Federal Aviation Administration administrator Steve Dickson has ordered the agency’s aviation safety experts to issue an Emergency Airworthiness Directive, requiring “immediate or stepped-up inspections of Boeing 777 airplanes equipped with certain Pratt & Whitney PW4000 engines.”
“This will likely mean that some airplanes will be removed from service,” Dickson said in a statement posted to Twitter.
According to the FAA, aviation safety experts are meeting into the evening with Pratt & Whitney and Boeing to finalize the details of the order and any accompanying service bulletins in order to ensure that the appropriate airplanes are included. Exact details of the inspection will be specified in the emergency order.
Dickson added that the agency is “working closely with other civil aviation authorities to make this information available to affected operators in their jurisdictions.”
Representatives for Boeing and Pratt & Whitney did not immediately return FOX Business’ requests for comment.
The move comes in response to United Airlines flight 328, which experienced an engine failure after taking off from Denver International Airport on Saturday. The airplane landed safely after dropping debris over northern Colorado, officials said.
The Boeing 777 was heading from Denver to Honolulu with 231 passengers and 10 crew aboard when its right engine failed and erupted in flames. The plane quickly lost altitude and dropped huge pieces of the engine casing and chunks of fiberglass onto the neighborhoods below. Authorities said no injuries were reported aboard the plane or on the ground where debris fell.

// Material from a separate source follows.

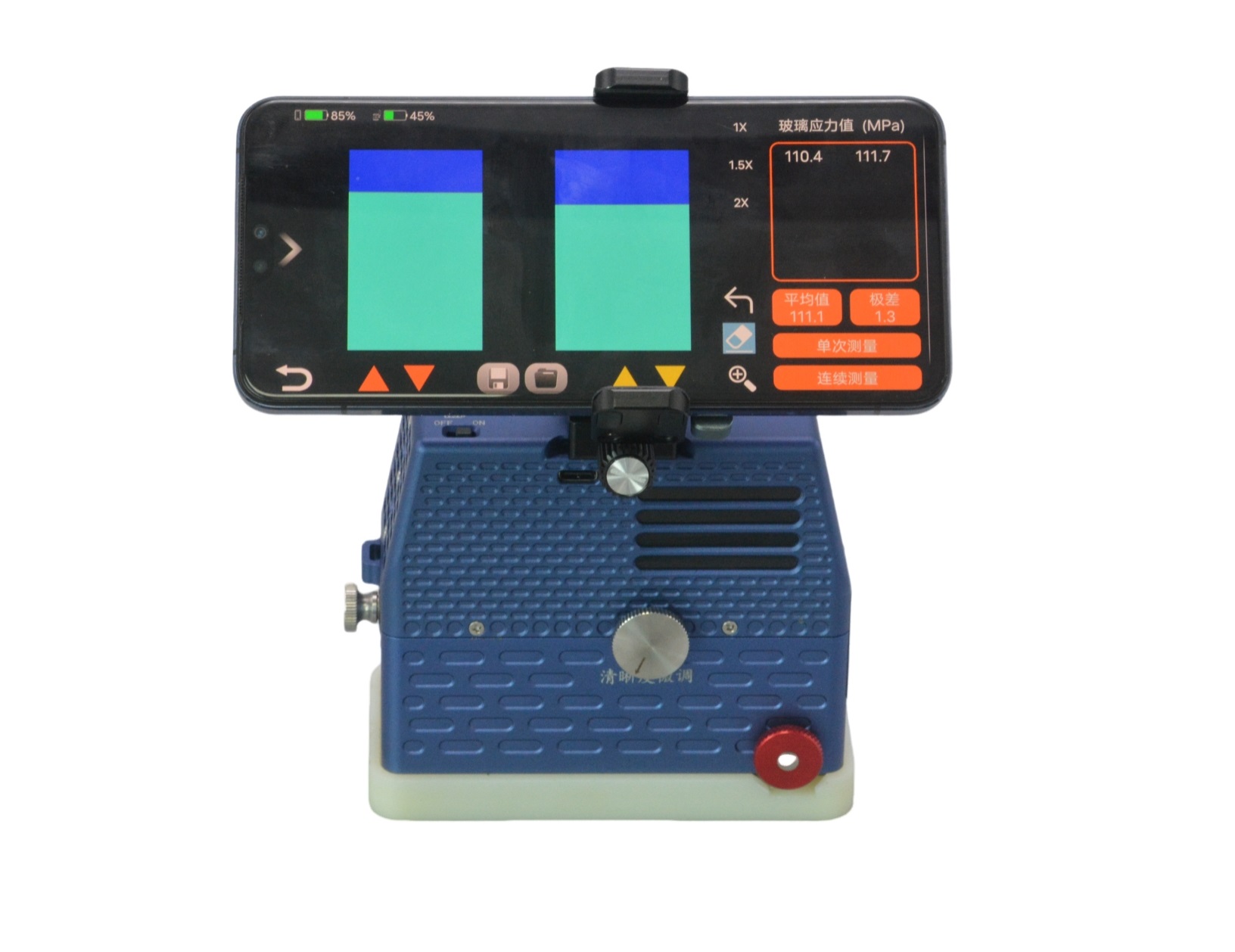 輕巧實用:儀器僅重 640g,體積小巧,將儀器置于浮法玻璃的浸錫面的表面上,調節(jié)圖像,即可測量。

According to a Sunday evening update from the National Transportation Safety Board’s ongoing investigation into the incident, an intitial examination indicated that the airplane sustained minor damage, most of which was “confined to the number 2 engine.”
Investigators noted that the inlet, a duct which is required to ensure smooth airflow into the engine, and a cowling, the removable metal covering that houses the engine, were separated from the engine. In addition, two fan blades were fractured while the remainder of the blades exhibited damage to their tips and leading edges.
The NTSB added that investigators continue to examine the engine, airplane and the photographs and video taken by passengers aboard United flight 328 and that the cockpit voice recorder and flight data recorder were transported to the agency’s laboratory in Washington where each will be downloaded and analyzed.
“We reviewed all available safety data following yesterday’s incident,” Dickson said. “Based on the initial information, we concluded that the inspection interval should be stepped up for the hollow fan blades that are unique to this model of engine, used solely on Boeing 777 airplanes.”
According to the most recent registry data, airlines in only three countries operate airplanes with the affected engines: the United States, Japan, and South Korea. United Airlines, the only U.S. operator with this type of engine in its fleet, said it would ground the affected planes immediately.
“Starting immediately and out of an abundance of caution, we are voluntarily and temporarily removing 24 Boeing 777 aircraft powered by Pratt & Whitney 4000 series engines from our schedule. Since yesterday, we’ve been in touch with regulators at the NTSB and FAA and will continue to work closely with them to determine any additional steps that are needed to ensure these aircraft meet our rigorous safety standards and can return to service,” a United spokesperson told FOX Business in a statement. “As we swap out aircraft, we expect only a small number of customers to be inconvenienced.”
In addition to its 24 active aircrafts, United has 28 additional Boeing 777s in storage.
“Safety remains our highest priority – for our employees and our customers,” the spokesperson added. “That’s why our pilots and flight attendants take part in extensive training to prepare and manage incidents like United flight 328. And we remain proud of their professionalism and steadfast dedication to safety in our day to day operations and when emergencies like this occur.”
The FAA said it is also aware that the Japan Civil Aviation Bureau has directed operators equipped with this type of engine to cease flying in Japan until further notice.